**Task requirements**
As output, give the exact lines from the one containing "2020年4月20日,英国华侨华人社团向英方捐赠医用防护服。(新华社发)" through the end of the listing below, both included, without the pictures.

**Material provided**
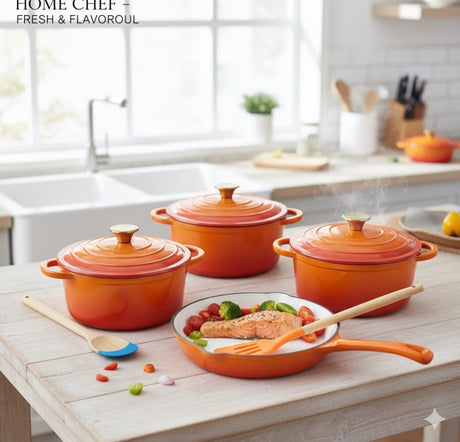 Sale price KSh9,999.00 Regular price KSh12,500.00Unit price /UnavailableVery low stock 7 PCS Enamel Cast Iron Cooking Pots Set Non-Toxic, Oven-Safe Pots for Kenyan Kitchens
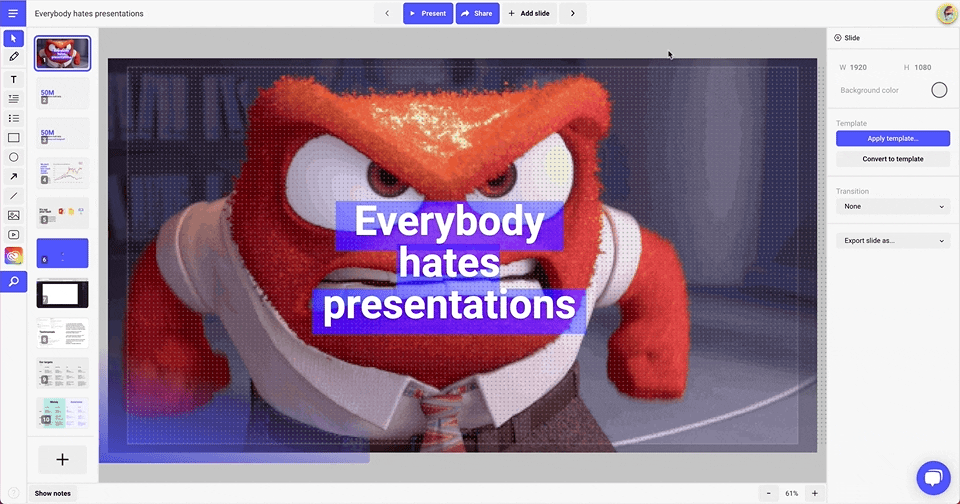 - You couldn’t work together on the same slide at the same time, which was okay(ish) for small teams, but it turned out to be a real pain for bigger teams.
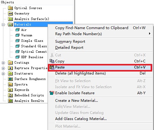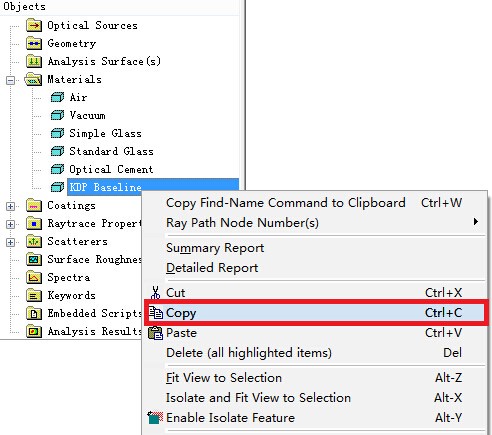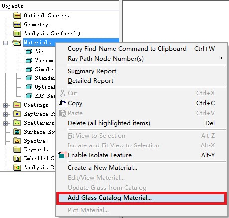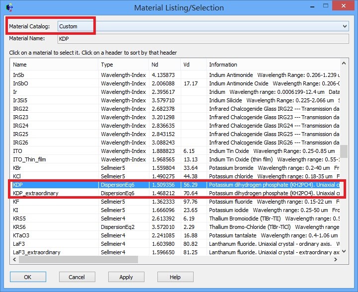 KDP材料可在材料庫中找到,在樹形文件夾Materials/ Add Glass Catalog Material… ,在類型中選擇Custom,點(diǎn)中鼠標(biāo)上下鍵移動(dòng)找到KDP(排列方式是按照第一個(gè)英文字母a-z排序)。
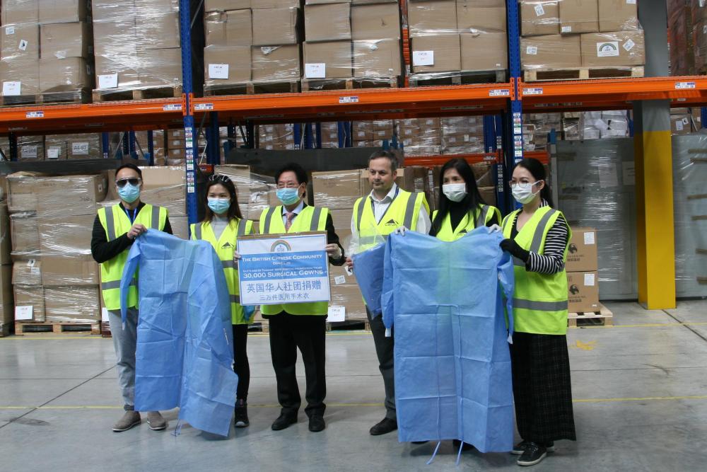 2020年4月20日,英国华侨华人社团向英方捐赠医用防护服。(新华社发)
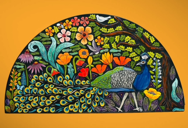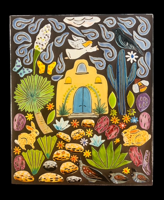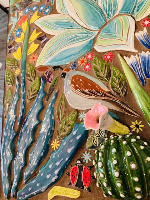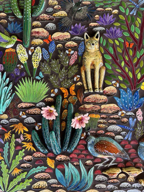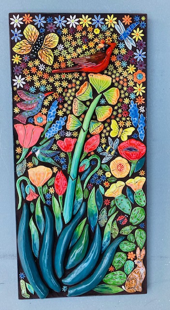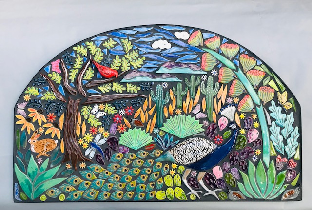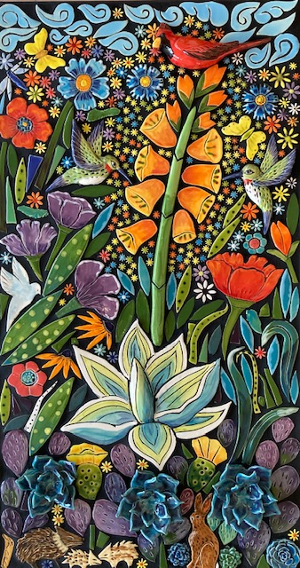 It has all the beautiful colors of a desert garden, featuring a flowering aloe, poppies, daisies, Santa Rita prickly pear cactus, a 3-d cardinal, sweet hummingbirds, Javalinas, and a rabbit hiding under the 3-d small agaves. So many little details. This one is at my studio for the time being. Measures 30″ x 16″. It makes a great addition to beautifying your outdoor living space.
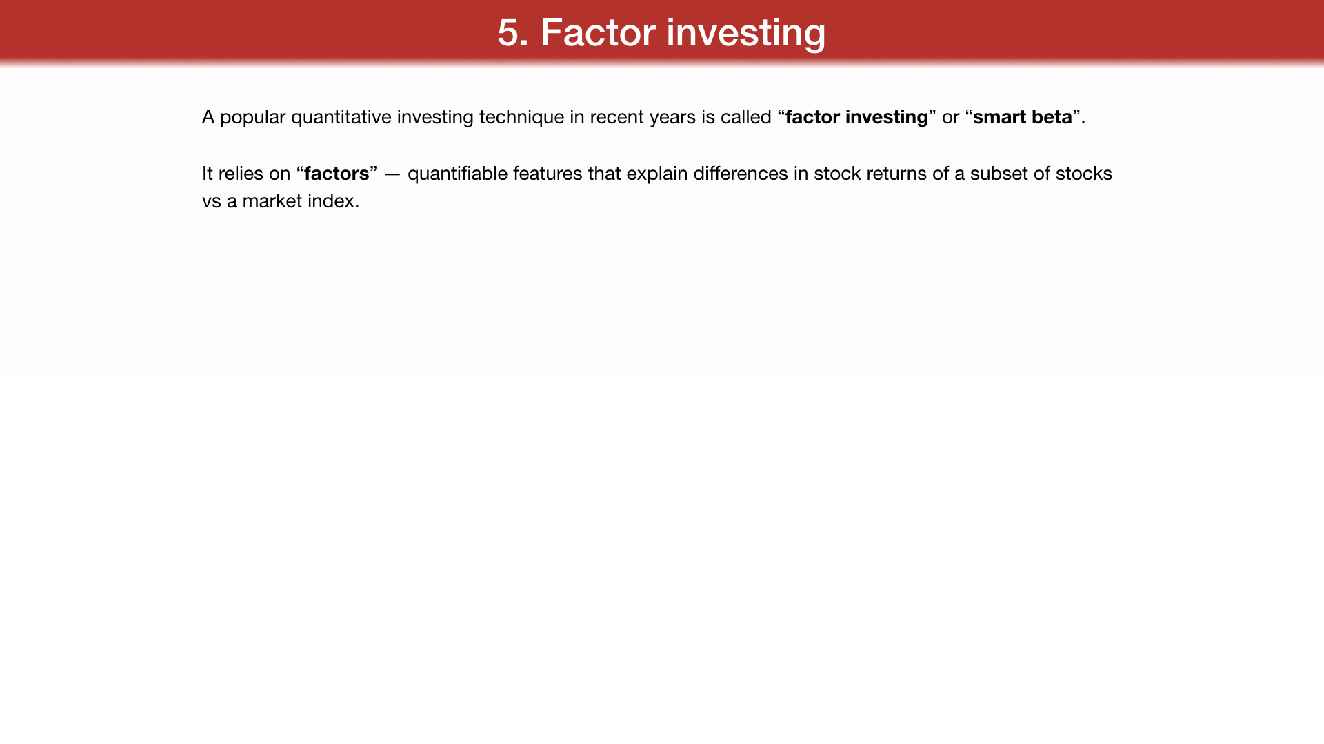 A popular quantitative investing technique in recent years is called "factor investing" or "smart beta".

**Your response**
 2020年4月20日,英国华侨华人社团向英方捐赠医用防护服。(新华社发)
 It has all the beautiful colors of a desert garden, featuring a flowering aloe, poppies, daisies, Santa Rita prickly pear cactus, a 3-d cardinal, sweet hummingbirds, Javalinas, and a rabbit hiding under the 3-d small agaves. So many little details. This one is at my studio for the time being. Measures 30″ x 16″. It makes a great addition to beautifying your outdoor living space.
 A popular quantitative investing technique in recent years is called "factor investing" or "smart beta".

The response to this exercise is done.